KJIPUKTUK (Halifax) – Bill C-7 expands Medical Assistance in Dying beyond those who are actually dying, but it only does so for persons with a disabling medical condition.

In November of last year noted scholar Catherine Frazee, a retired Ryerson disability studies professor, activist, poet and writer who now lives in the Annapolis Valley, addressed the House of Commons Standing Committee on Justice & Human Rights on Bill C-7 legislation via video.

“What is it about disability that makes this okay,” Frazee asked. “Why such breathless confidence that Bill C-7 will bring no harm to disability communities?” 

See also: Ableism and austerity behind Nova Scotia’s shortage of community living options, human rights inquiry told

The Prime Minister and his Liberal caucus, supported by the Bloc Québecois, intend to fast-track passage of Bill C-7 on Wednesday, halting any further debate.

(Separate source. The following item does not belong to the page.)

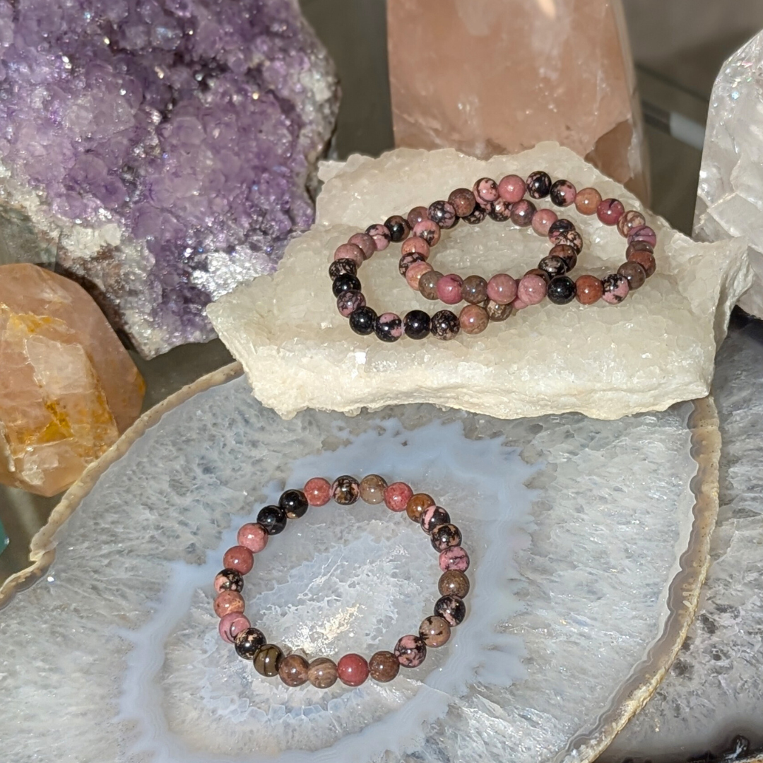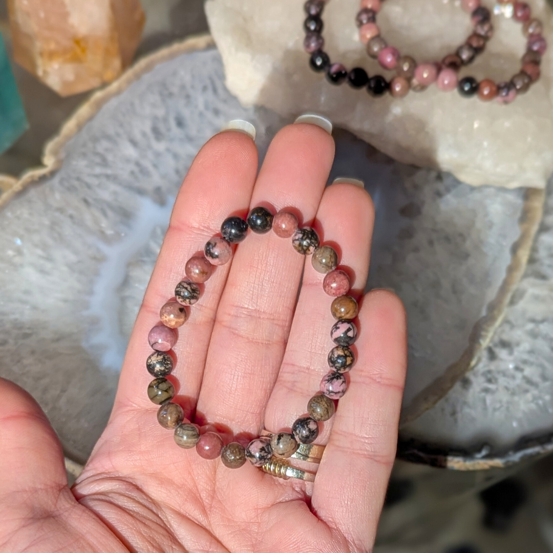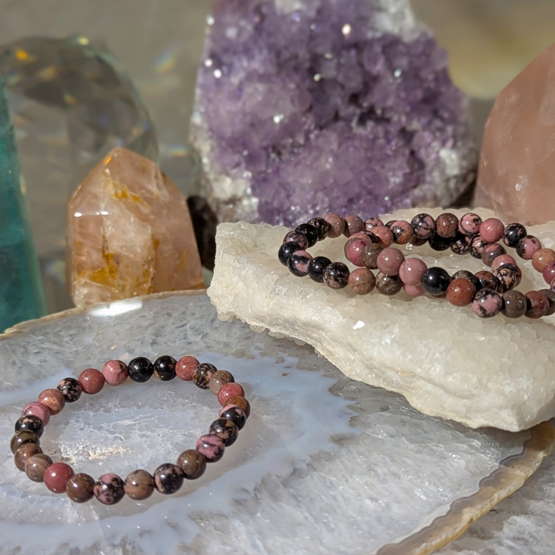 Rhodonit er en blid sten der er knyttet tæt med hjerte chakraet. Den vil lære dig at acceptere dine mørke sider som lige så givtige for din personlighed og udvikling som de lyse. Når vi har erkendt de mørke sider kan vi bedre arbejde med dem og erstatte de vrede og bange følelser med kærlighed. Rhodonit minder os om at lyset og kærligheden altid vil vinde over angsten, hadet, og mørket. Kærligheden overvinder alt. Den blide energi fra rhodonit dæmper ligeledes uro og nervøsitet. Den fortæller dig at du ikke behøver at være bange for at lukke kærligheden ind i dit liv. Du får mod på at gøre det du indtil nu har prøvet at undgå og opleve hvilken stor kærligheds erklæring det er til dig selv at gøre det.

At this time much of the opposition to Bill C-7 is centered around the Disability Filibuster website, livestreaming a near continuous line up of people opposed to the legislation. I tune in whenever I have a few minutes, and have learned a lot about the Bill and its linkages with ableism and neoliberal austerity in the last few days as a result. My deep regret is that it took me so long to wake up to what is happening.   

Watch the video, or read Catherine Frazee’s transcribed comments here.

I speak today from Mi’kma’ki, the ancestral and unceded territory of the Mi’kmaq people. I am a settler here bound by Treaties of Peace and Friendship. and mindful that we are all of us Treaty People. 

Madam Chair, I am sorry for any discomfort that my words may trigger but with so little time I must speak frankly and without reserve. 

Bill C-7 begs the question, why us? Why only us? Why only people whose bodies are altered or painful or in decline? Why not everyone who lives outside the margins of a decent life, everyone who resorts to an overdose, a high bridge, a shotgun carried out into the woods? Why not everyone who decides that their quality of life is in the ditch? 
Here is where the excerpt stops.